• ABOUT THIS EXERCISE: Please repeat every entry exactly as given, apart from dropping the images.
SUPPLIED DATA section start
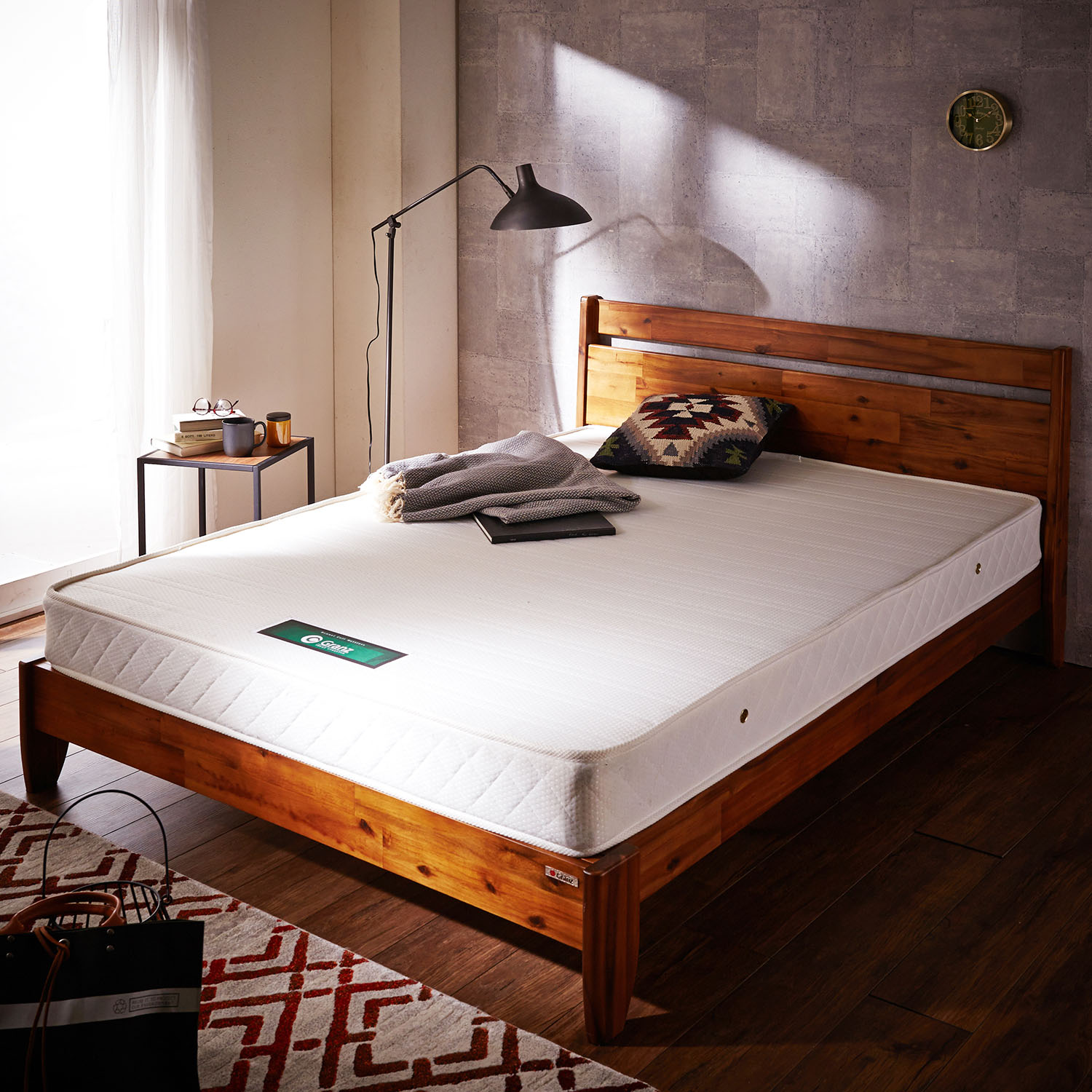 スマホが充電できるコンセントを備えたヘッドボードとすのこで仕上げた、シンプルデザインのベッドすのこの色味を同じにすることで高いデザイン性を叶えました北欧調のお部屋やナチュラルテイストのお部屋など幅広いインテリアに素敵な存在感を与えてくれますヘッドボードはスッキリ板状ながら宮とコンセントがついているので機能性もGOOD床面の高さは継ぎ脚で変えられるので、高さ調節が可能収納ケースなどを置きたい方にもおすすめです脚をすべて外してローベッドにするのもおすすめベッドのみの単体はシングル、セミダブル、ダブルの3サイズ。加えてシングルベッドにマットレスをお付けしたシングル(マットレス付き)の計4タイプをご用意タモ材を使用した「ナチュラル」と、ウォルナット材を使用した「ブラウン」の2色からどうぞ#ベッドフレーム>
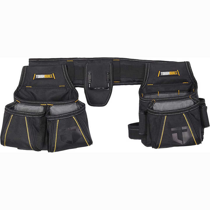 Échantillon gratuit : Ceinture à outils avec bretelles, support magnétique pour téléphone et pochette pour perceuse à main, équipement pour charpentiers et électriciens
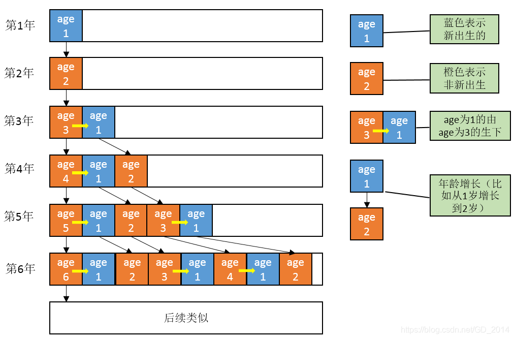 - 第1~2年,不生小牛,所以年龄会增加,但是牛的个数不变(cows.set(牛的编号,age+1));
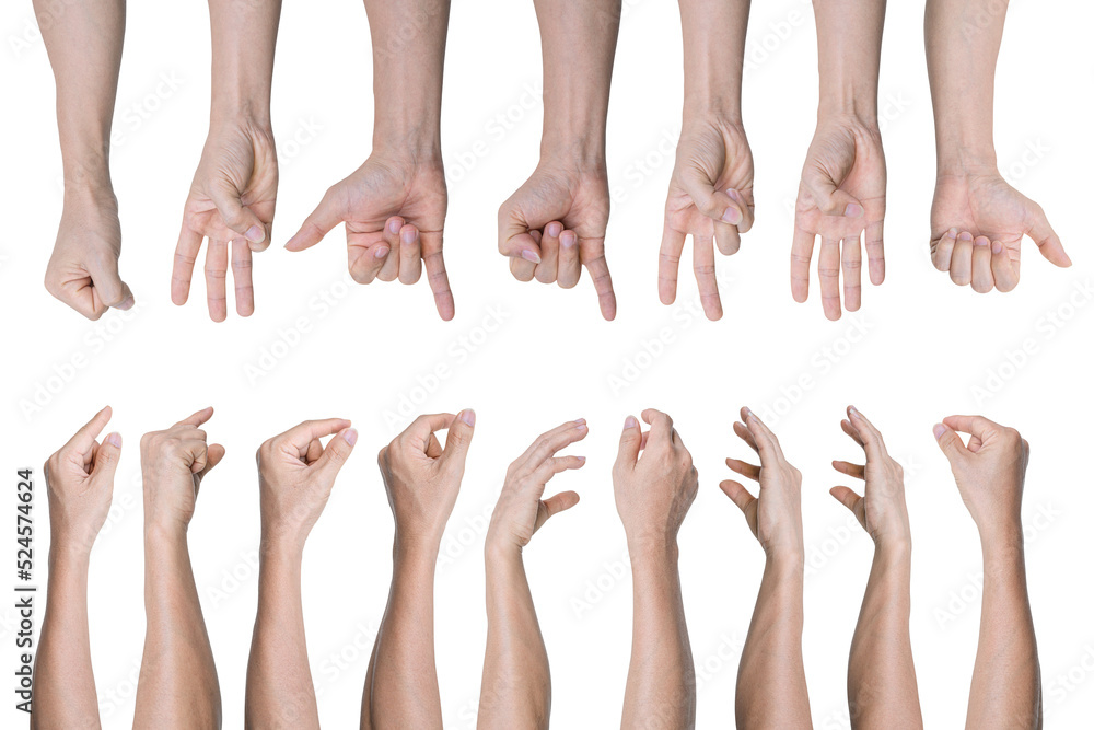 Photos Set of Man hand gestures isolated on transparent background - PNG format
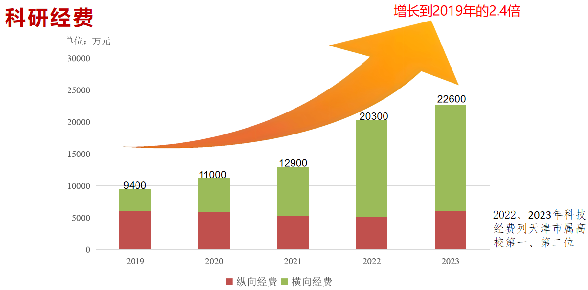 自学校第二次党代会以来,获批国家重点研发计划、自然科学基金、社会科学基金等382项。2023年国家自然科学基金项目立项数(50项)再创历史新高,立项数在天津市综合类地方高校中获批项目数排名第一。2022年、2023年科技经费位居市属高校第一、第二位,形成了4个“亿元级”科研项目群。2018年以来,科研经费增长2.4倍,由2018年的9400万元增长到2.26亿元。高水平理论创新成果不断攀升,发表的国际一区论文从2019年的86篇增长到2023年的201篇,增长2.3倍。研究人员在Nature、Science国际顶刊发表论文6篇。近5年累计获批省部级以上科研奖励41项。2021年,电气电子工程学院(现为电气工程与自动化学院)教授张宝峰联合天津大学等单位共同研发的“多轴联动多传感器协同现场坐标测量技术及应用”成果荣获国家科技进步奖二等奖,我校时隔七年再度获批国家级科技成果奖励。
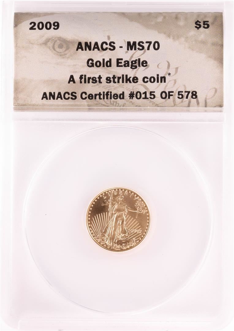 One 2009 $5 American Gold Eagle Coin ANACS MS70 First Strike. ANACS Certified.
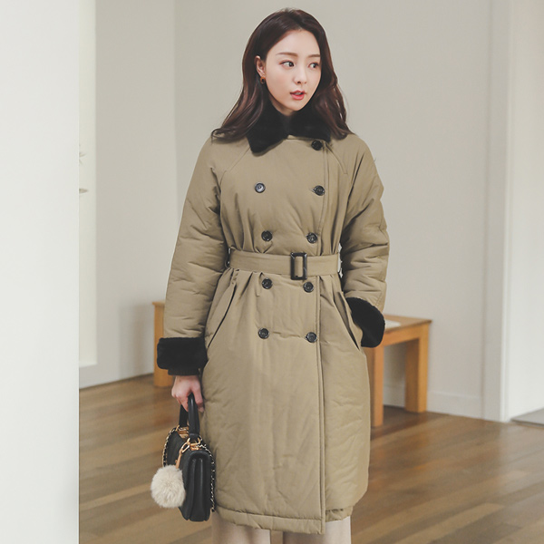 ミンクカラー ダブル トレンチ コート バディング(ミンク裏地)
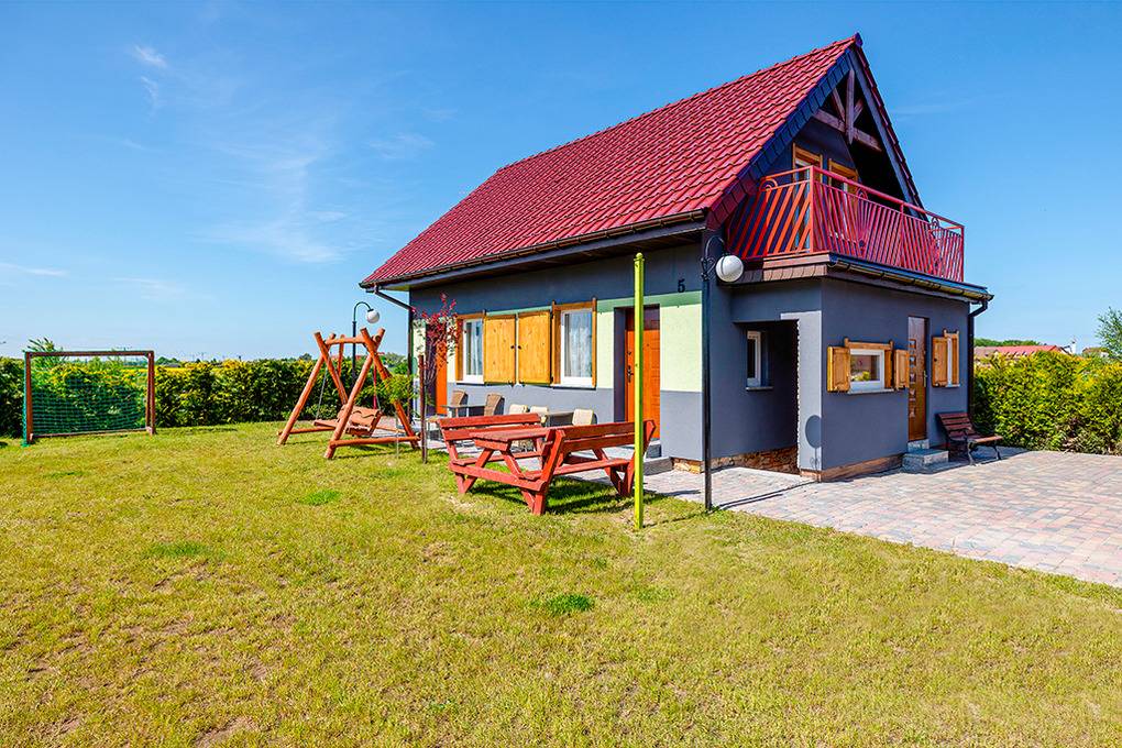 Haus: Kleine Ferienhausanlage mit insgesamt 6 Ferienhäusern, 2021 neu gebaut, auf einem großen, umzäunten Rasengrundstück (2.000 qm). Kleiner Spielplatz mit Trampolin, Klettergerüst.
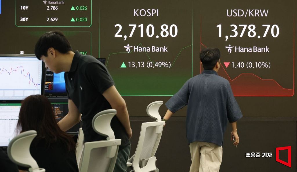 2일 서울 중구 하나은행 딜링룸 현황판에 코스피와 원/달러 환율, 코스닥이 표시되고 있다. 이날 코스피는 9시25분 현재 전장보다 18.28포인트 (0.66%) 오른 2,716.23을 보이며 2700선에 재안착 했고 코스닥은 4.25포인트(0.61%) 오른 738.80을 보이고 있다.
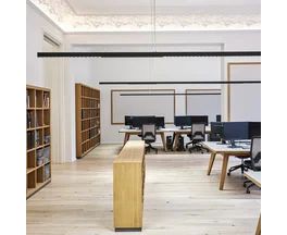 Серия офисных светильников BETO представляет собой элегантную линию, субъективно либо соединяющую, либо разделяющую удачный дизайн помещения. Идеальный светильник для рабочего места в сочетании с элегантным дизайном доступен в виде напольного светильника, подвесного светильника, а также в виде прямой или изогнутой системы. BE TO предлагает многофункциональное световое решение с однородным внешним видом.
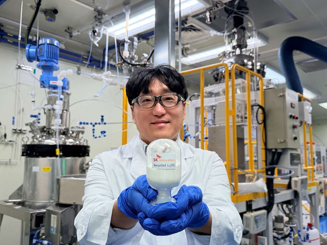 | SK이노베이션 환경과학기술원 연구원이 LFP 배터리 재활용 기술을 통해 회수한 탄산리튬(Li₂CO₃)을 소개하고 있다. [SK이노베이션 제공] |
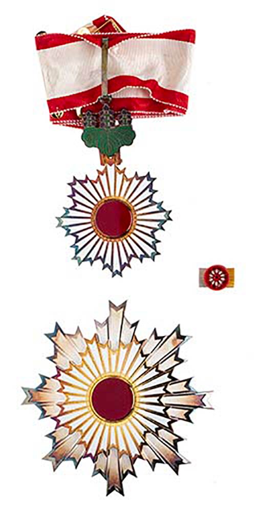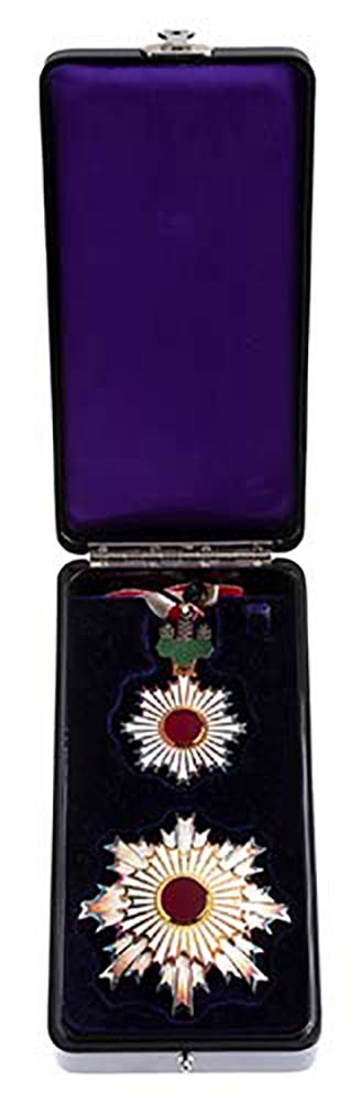 GIAPPONE, ORDINE DEL SOL LEVANTE, INSEGNA DI GRAN CROCE CON PLACCA FASCIA E PENDENTE, IN ASTUCCIO DI LACCA CON DIPLOMA DI CONCESSIONE.
SUPPLIED DATA section end
• EXERCISE SOLUTION:
 スマホが充電できるコンセントを備えたヘッドボードとすのこで仕上げた、シンプルデザインのベッドすのこの色味を同じにすることで高いデザイン性を叶えました北欧調のお部屋やナチュラルテイストのお部屋など幅広いインテリアに素敵な存在感を与えてくれますヘッドボードはスッキリ板状ながら宮とコンセントがついているので機能性もGOOD床面の高さは継ぎ脚で変えられるので、高さ調節が可能収納ケースなどを置きたい方にもおすすめです脚をすべて外してローベッドにするのもおすすめベッドのみの単体はシングル、セミダブル、ダブルの3サイズ。加えてシングルベッドにマットレスをお付けしたシングル(マットレス付き)の計4タイプをご用意タモ材を使用した「ナチュラル」と、ウォルナット材を使用した「ブラウン」の2色からどうぞ#ベッドフレーム>
 Échantillon gratuit : Ceinture à outils avec bretelles, support magnétique pour téléphone et pochette pour perceuse à main, équipement pour charpentiers et électriciens
 - 第1~2年,不生小牛,所以年龄会增加,但是牛的个数不变(cows.set(牛的编号,age+1));
 Photos Set of Man hand gestures isolated on transparent background - PNG format
 自学校第二次党代会以来,获批国家重点研发计划、自然科学基金、社会科学基金等382项。2023年国家自然科学基金项目立项数(50项)再创历史新高,立项数在天津市综合类地方高校中获批项目数排名第一。2022年、2023年科技经费位居市属高校第一、第二位,形成了4个“亿元级”科研项目群。2018年以来,科研经费增长2.4倍,由2018年的9400万元增长到2.26亿元。高水平理论创新成果不断攀升,发表的国际一区论文从2019年的86篇增长到2023年的201篇,增长2.3倍。研究人员在Nature、Science国际顶刊发表论文6篇。近5年累计获批省部级以上科研奖励41项。2021年,电气电子工程学院(现为电气工程与自动化学院)教授张宝峰联合天津大学等单位共同研发的“多轴联动多传感器协同现场坐标测量技术及应用”成果荣获国家科技进步奖二等奖,我校时隔七年再度获批国家级科技成果奖励。
 One 2009 $5 American Gold Eagle Coin ANACS MS70 First Strike. ANACS Certified.
 ミンクカラー ダブル トレンチ コート バディング(ミンク裏地)
 Haus: Kleine Ferienhausanlage mit insgesamt 6 Ferienhäusern, 2021 neu gebaut, auf einem großen, umzäunten Rasengrundstück (2.000 qm). Kleiner Spielplatz mit Trampolin, Klettergerüst.
 2일 서울 중구 하나은행 딜링룸 현황판에 코스피와 원/달러 환율, 코스닥이 표시되고 있다. 이날 코스피는 9시25분 현재 전장보다 18.28포인트 (0.66%) 오른 2,716.23을 보이며 2700선에 재안착 했고 코스닥은 4.25포인트(0.61%) 오른 738.80을 보이고 있다.
 Серия офисных светильников BETO представляет собой элегантную линию, субъективно либо соединяющую, либо разделяющую удачный дизайн помещения. Идеальный светильник для рабочего места в сочетании с элегантным дизайном доступен в виде напольного светильника, подвесного светильника, а также в виде прямой или изогнутой системы. BE TO предлагает многофункциональное световое решение с однородным внешним видом.
 | SK이노베이션 환경과학기술원 연구원이 LFP 배터리 재활용 기술을 통해 회수한 탄산리튬(Li₂CO₃)을 소개하고 있다. [SK이노베이션 제공] |
 GIAPPONE, ORDINE DEL SOL LEVANTE, INSEGNA DI GRAN CROCE CON PLACCA FASCIA E PENDENTE, IN ASTUCCIO DI LACCA CON DIPLOMA DI CONCESSIONE.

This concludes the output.